Objectives of tax Flashcards
Which one of the following options is not an example of the government using the tax system to manage the economy?
a) Allowing income from ISAs to be exempt.
b) The annual increase of the personal allowance.
c) Increasing the tax on whisky.
d) Allowing gift relief on charitable donations.
b
The government manages the economy by encouraging or discouraging certain behaviour, which is what the policies in the other choices aim to do. The personal allowance is offered to all individuals of all ages, so does not shape people’s behaviours.
In the Budget this year, the government increased the main rate of tobacco duty to £3.52 for a packet of 20 cigarettes.
The impact of this decision is best represented by the:
a) Efficiency principle.
b) Regressive principle.
c) Ability to pay principle.
d) Value principle.
b
An increase in tobacco duty will impact individuals with lower incomes more than those with higher incomes, as the tax paid as a percentage of income is higher for lower income individuals.

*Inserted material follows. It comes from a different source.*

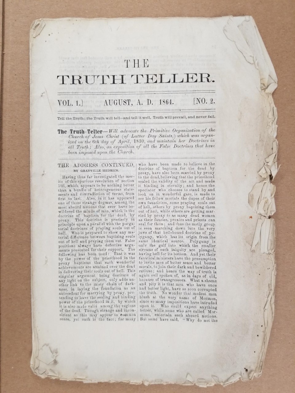 / 1864 — The Truth Teller Vol. 1., No. 2., August, A.D. 1864 — Single Issue — Granville Hedrick [The Hedrickites]

This is an example of a regressive tax.
True or False,
A taxpayer may be able to appeal against an information notice
A taxpayer may be able to appeal against an inspection notice
TRUE
FALSE
Select whether the statements below are true or false.
HMRC offers a Business Payment Support Service to taxpayers to help them meet payments if they are struggling. This may allow taxpayers to spread payments over longer time periods without incurring additional penalties and interest.
HMRC may only request information from third parties if they have First-Tier tax tribunal approval.
False.
False.
The Business Payment Support Service may allow taxpayers to spread payments over longer time periods without incurring additional penalties, however interest will still apply.
HMRC may also request information from third parties with taxpayer approval.
Joel submitted his 2021/22 electronic tax return on 30 January 2023. As he is having trouble with his cash flow, he decides not to tell HMRC about £50,000 of profits on one of his rental properties and instead moves all of the income to a secret bank account in Jersey.
HMRC must give notice of a discovery assessment by:
a) 31 January 2024
b) 31 January 2029
c) 31 January 2042
d) 5 April 2042
d
If HMRC discover that full disclosure was not made and there is a loss of tax, the HMRC is allowed to collect more tax from the taxpayer. As Joel submitted his tax return on time but deliberately did not disclose some income, a discovery assessment can be made by HMRC up to 20 years from the end of the TAX YEAR to which the return relates.
Select whether the statements below are true or false.
HMRC may only select tax returns for compliance checks where they suspect that tax has been underpaid.
HMRC are only able to open a formal enquiry once per tax return.
False
True
HMRC can select tax returns for compliance checks at random and also where they suspect tax has been underpaid.
HMRC only have one opportunity to open a formal enquiry.